We also need AI to deal with the variety of content we hold. Even if we did hire enough humans to read all our unstructured content, they would all need to be subject matter experts in dozens or even hundreds of laws, policies, and business functions. They would need to know how to categorise the content for national security sensitivity, and under privacy laws, and under records retention and disposal schedules. They would also need to know how to categorise it under perhaps hundreds of other types of policy and legislation, as well as under functional groupings. The data has to be catalogued in all the ways that people want to be finding and using and reporting on it, and there are as many of those ways as there are teams.

So again we need AI, which can ‘be the SME’ for thousands of different policies and regulations. We use Rules as Code (RaC) AI for this purpose, because it scales across any type of regulatory or functional classification, does not rely on staff member effort to train and supervise, and is explainable and transparent per the Ethical AI laws. But there’s also something else we have to do to succeed with variety. We have to centralise our categorisation system. We can’t modify millions of documents to add dozens of tags or labels to them directly in their source system. Because of the variety of classification types, systems that only allow a few labels per item can’t work for our purpose of protecting, preserving, and exploiting our content. We have to use a manage-in-place approach, and capture all the metadata centrally.

The velocity problem

Related to the other two problems is the rate of change. Content does not stand still. We have to categorise and manage content from the moment it is captured or created, all the way through its end of life. During that time, its content and context will change repeatedly. The categories that apply to it will change as well. The obligations and functional priorities that we want to categorise against will also change constantly. This is another reason why requiring humans to add and update labels can’t scale, and why using traditional AI systems like ML can’t scale. We don’t have time to re-train and re-supervise our AI engine every time the category types change.

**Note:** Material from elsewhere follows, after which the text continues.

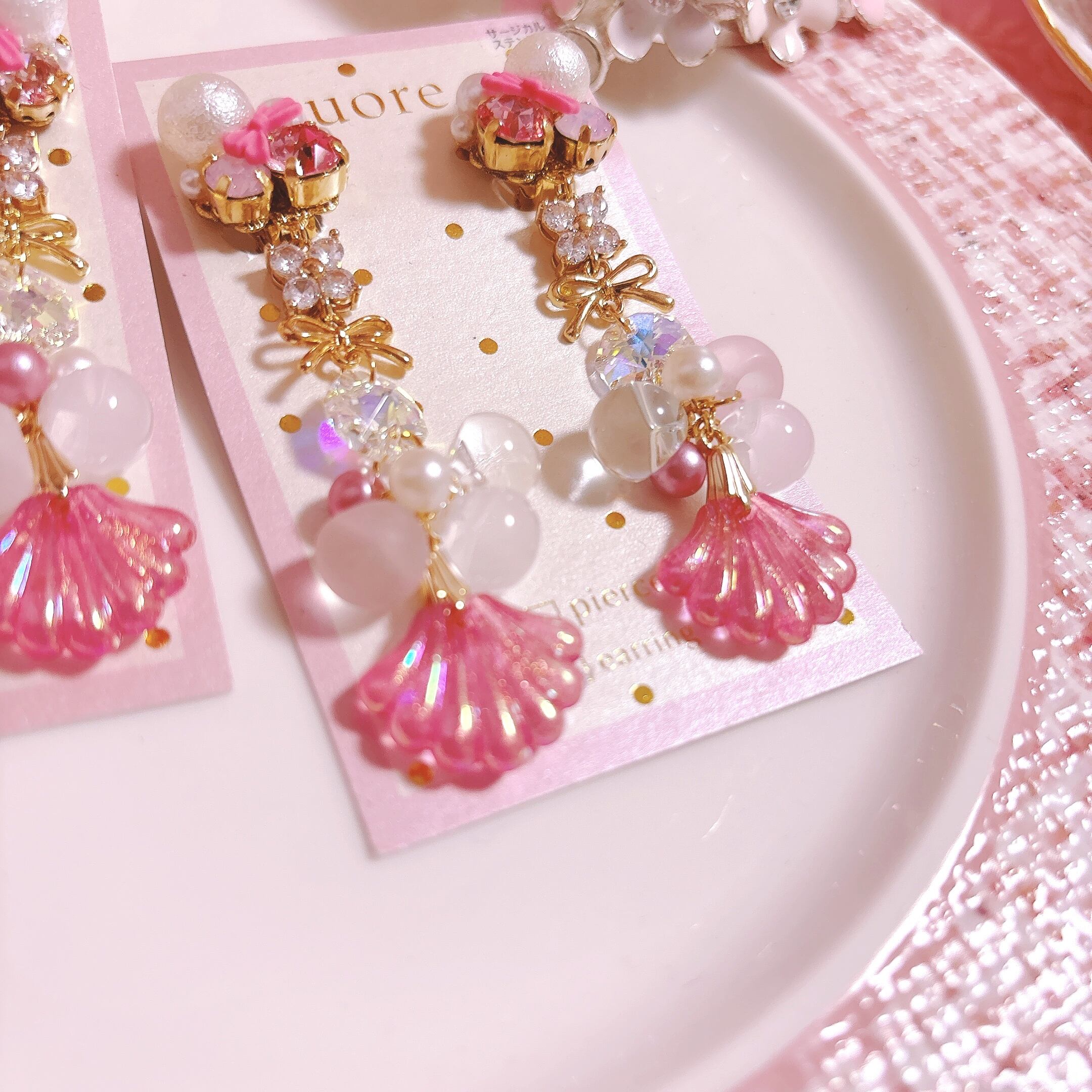 夏らしいシェルモチーフは、キラキラのラメが入った元気の出るお色味のピンク。

So what is the future of metadata?

First, the future of data is metadata. Without categorisation, we can’t control, understand, or exploit our content.

Second, the metadata has to be centralised, in a manage-in-place model. There are too many categories, changing too often, to apply labels and tags at the source.

Third, the categorisation has to use AI. And that AI has to be transparent, explainable, and scalable. Rules as Code is the only non-disruptive, sustainable AI type for this purpose. Castlepoint RaC generates metadata using Ethical AI, ensuring a high degree of accuracy, at scale, with complete traceability and defensibility.

This new modern approach has been rapidly adopted across governments and corporates, and is proving to be highly effective in transforming them to meet the data outcomes everybody is focused on for 2024 and beyond: extracting the most value as possible from data, one of our most valuable assets, while preserving and protecting it to make sure bad actors can’t do the same. Compliance, security, privacy, audit, and discovery force-multiply with an enterprise-wide, AI generated data catalogue.